There are even kids across the road, and I’m not exaggerating if I say it seems
like we’re invisible. There’s no curiosity, no warmth, no interest. You feel
like ringing door bells to shake them out of their slumber. This is not what I bargained
for. I dreamt. Of….
street
parties. We all go to Dan Murphy around the corner. We congregate in the middle
of the street and the police block off the road. Everyone wears some sort of
funny hat and each of us has a book under our arm, or have a funny story to
tell. There is a little microphone set up where you can share your story. People
even sing, like they do in Ireland. Someone has a machine that’s got a backing
track. You all belong. You all share something important. You are all members
of the same street. You feel free, and comfortable, and you launch into ‘Bridge
Over Troubled Water’, and the lovely woman across the road sings ‘You’re My
World’, and the older one you know already from Lebanon knows some Lebanese music
and that’s great, and the students you didn’t even know about are interested in
the ARIA’s and you learn something new, and there’s even a Doors fan somewhere e=down
the road, and you chat, just the two of you, for two hours about each other’s
collection, and you are in a world of your own before you slip back into
consciousness and get to know more kindred spirits, other people who have been
transported mysteriously to your street just like you have. Towards the end of
the night. No-one wants to leave. People pair off-
not
in that sort of way. The ones who like poetry talk more in the encroaching
shadows. There are two or three plumbers who promise to share each other’s
tools, the two mechanics query each other over the size of their garage. Two
men and two women from separate houses have all been jilted by somebody and
never knew that they weren’t actually quite alone. Then there’s the kids. They might
be friends for eternity. Any spare time they have in the future will be spent
doing unfashionable things, like playing cricket or Cluedo, or ‘hit the gutter’

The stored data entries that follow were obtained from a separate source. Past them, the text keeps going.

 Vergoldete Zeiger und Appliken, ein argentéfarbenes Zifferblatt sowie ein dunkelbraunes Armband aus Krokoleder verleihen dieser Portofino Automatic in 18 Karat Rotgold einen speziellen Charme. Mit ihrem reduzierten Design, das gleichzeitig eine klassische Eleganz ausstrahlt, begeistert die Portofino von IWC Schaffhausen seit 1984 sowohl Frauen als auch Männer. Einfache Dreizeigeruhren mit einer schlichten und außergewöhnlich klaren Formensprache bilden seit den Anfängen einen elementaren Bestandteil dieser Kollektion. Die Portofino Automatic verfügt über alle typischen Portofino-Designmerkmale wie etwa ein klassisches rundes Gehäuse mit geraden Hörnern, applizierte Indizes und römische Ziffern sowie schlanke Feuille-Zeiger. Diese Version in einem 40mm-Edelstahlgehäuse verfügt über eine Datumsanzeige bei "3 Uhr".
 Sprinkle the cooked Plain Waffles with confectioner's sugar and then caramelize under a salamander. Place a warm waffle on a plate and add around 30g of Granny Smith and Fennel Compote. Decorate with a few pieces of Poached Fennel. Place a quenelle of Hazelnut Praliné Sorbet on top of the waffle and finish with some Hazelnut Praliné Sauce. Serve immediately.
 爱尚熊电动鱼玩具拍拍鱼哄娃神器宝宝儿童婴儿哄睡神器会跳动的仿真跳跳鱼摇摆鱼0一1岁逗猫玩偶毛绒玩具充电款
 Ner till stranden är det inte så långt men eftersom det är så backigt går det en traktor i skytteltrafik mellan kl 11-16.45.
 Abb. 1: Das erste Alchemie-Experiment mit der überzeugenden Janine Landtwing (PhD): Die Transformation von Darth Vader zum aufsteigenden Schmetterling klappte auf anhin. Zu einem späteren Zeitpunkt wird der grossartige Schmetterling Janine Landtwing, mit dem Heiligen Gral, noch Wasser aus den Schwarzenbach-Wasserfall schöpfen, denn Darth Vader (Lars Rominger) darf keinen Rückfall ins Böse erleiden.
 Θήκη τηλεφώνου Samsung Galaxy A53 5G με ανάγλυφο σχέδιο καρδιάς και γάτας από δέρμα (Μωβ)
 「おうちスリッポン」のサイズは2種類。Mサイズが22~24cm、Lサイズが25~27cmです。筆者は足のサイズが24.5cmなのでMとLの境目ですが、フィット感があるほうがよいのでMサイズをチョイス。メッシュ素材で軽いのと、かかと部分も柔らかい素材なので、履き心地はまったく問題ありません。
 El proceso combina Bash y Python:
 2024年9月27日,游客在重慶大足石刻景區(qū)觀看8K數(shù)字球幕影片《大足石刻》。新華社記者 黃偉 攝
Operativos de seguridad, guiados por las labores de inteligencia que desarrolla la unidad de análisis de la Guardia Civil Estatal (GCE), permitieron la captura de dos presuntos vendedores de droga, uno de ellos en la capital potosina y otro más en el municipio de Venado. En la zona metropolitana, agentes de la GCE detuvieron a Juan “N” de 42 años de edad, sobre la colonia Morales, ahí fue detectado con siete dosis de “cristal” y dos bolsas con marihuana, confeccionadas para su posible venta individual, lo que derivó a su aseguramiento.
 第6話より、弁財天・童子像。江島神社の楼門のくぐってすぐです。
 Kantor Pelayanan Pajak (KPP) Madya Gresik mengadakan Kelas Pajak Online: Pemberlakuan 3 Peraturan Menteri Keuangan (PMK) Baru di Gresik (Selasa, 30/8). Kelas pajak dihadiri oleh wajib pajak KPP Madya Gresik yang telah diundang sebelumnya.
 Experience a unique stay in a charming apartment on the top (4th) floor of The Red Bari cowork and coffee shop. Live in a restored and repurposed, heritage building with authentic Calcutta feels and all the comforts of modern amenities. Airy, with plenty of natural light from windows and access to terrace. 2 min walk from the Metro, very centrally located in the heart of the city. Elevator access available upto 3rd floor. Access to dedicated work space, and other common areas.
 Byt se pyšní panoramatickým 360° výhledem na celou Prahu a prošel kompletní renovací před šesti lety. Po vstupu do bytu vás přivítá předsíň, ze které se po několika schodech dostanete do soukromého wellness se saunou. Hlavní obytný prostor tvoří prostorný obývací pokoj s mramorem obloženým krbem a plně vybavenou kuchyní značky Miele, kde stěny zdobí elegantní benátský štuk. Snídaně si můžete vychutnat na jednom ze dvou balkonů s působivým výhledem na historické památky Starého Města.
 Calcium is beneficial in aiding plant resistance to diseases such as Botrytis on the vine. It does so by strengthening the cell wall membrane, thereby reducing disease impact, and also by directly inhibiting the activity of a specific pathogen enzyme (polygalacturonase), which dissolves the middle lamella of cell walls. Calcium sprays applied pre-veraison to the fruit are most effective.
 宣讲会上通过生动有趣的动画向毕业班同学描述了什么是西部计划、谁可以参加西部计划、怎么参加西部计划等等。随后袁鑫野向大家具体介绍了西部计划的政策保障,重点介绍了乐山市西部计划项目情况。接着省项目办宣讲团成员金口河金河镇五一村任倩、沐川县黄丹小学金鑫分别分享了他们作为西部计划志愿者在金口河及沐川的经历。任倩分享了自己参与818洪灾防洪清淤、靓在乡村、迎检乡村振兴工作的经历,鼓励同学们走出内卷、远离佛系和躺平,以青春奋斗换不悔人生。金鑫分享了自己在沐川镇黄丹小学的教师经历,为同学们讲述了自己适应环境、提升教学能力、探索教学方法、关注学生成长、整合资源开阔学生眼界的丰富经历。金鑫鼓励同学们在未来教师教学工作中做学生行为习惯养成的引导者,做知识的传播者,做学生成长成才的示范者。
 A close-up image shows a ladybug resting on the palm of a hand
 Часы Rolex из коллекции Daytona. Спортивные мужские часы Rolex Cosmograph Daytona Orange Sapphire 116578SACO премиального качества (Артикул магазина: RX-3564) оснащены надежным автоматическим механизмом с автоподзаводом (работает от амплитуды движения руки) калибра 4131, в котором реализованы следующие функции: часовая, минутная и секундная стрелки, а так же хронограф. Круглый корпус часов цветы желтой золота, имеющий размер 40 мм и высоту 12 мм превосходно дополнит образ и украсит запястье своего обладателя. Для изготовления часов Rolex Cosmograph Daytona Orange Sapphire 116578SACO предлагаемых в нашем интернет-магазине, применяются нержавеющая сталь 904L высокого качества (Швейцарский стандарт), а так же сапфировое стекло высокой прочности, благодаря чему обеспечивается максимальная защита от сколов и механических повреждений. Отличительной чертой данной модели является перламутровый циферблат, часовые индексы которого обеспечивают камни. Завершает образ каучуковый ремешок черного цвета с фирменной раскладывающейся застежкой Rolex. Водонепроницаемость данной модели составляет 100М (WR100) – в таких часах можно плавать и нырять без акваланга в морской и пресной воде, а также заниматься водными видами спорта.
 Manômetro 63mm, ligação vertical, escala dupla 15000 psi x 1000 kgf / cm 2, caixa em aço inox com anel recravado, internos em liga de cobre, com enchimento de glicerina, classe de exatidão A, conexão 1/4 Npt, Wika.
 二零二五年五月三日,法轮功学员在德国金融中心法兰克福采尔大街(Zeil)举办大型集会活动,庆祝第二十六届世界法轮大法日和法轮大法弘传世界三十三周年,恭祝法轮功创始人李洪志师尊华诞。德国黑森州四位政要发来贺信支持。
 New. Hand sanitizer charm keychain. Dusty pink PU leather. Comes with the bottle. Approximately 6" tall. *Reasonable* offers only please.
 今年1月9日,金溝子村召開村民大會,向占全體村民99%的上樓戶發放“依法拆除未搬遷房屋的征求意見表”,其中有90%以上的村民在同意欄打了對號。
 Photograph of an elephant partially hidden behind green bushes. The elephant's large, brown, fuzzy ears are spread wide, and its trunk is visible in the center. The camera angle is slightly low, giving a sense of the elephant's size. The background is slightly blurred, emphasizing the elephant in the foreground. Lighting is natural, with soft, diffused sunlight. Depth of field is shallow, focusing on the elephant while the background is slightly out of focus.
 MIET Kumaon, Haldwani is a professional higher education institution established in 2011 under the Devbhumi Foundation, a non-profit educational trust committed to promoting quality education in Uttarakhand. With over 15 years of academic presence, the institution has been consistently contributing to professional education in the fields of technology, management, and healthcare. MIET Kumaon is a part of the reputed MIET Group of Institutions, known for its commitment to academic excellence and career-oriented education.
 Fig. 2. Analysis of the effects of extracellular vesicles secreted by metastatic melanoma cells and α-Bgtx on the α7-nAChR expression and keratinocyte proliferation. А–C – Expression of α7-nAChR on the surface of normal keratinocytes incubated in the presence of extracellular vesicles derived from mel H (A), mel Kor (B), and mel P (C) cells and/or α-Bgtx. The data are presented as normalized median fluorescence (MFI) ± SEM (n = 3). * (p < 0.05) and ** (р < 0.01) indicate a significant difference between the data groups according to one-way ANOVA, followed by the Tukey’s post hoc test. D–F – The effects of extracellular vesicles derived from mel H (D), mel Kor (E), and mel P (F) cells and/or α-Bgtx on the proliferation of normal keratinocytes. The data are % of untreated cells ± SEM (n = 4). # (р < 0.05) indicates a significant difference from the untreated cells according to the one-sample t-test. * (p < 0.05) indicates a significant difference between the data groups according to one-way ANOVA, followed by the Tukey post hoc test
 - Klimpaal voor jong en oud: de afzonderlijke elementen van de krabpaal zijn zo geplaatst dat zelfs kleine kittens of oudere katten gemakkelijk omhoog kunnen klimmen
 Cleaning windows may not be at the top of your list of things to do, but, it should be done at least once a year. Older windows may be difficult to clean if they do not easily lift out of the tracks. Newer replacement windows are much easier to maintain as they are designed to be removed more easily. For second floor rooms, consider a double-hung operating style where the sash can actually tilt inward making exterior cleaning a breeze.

or four square at each other’s houses, and suddenly the iPad or the Nintendo
will gather dust and won’t be used again. One day,
everyone
will decide one street party every now and then isn’t enough, and these people
won’t even feel they need to know anyone from the outside world. The houses are
never sold, so none of them are turned into flats. Maybe, just maybe, the
people in the existing flats might be invited. It might take years, but people
will start trading and bartering and grow shared crops. Doors will remain open
at all times. There will be no overgrown weeds and overhanging branches. Front fences
will be torn down just because it is easier. And milestones and big news items
will be shared and celebrated and there might be a big cricket match like the
one in the novel ‘The Go Between’ and romances will occur, harmony maintained,
and animals and birds will share the common humanity. Right now though,
I
will wake up tomorrow, leave the house, the street will be silent and creepy, with
not even a Boo Radley anywhere about, people will go about their business in
the safety of their homes, those wandering about, few and far between, will
have their heads bowed, and I will try one last time, because I can be
incredibly patient, to catch the eye and smile at the guy who I see standing at
the same bus stop every morning, catching the same bus.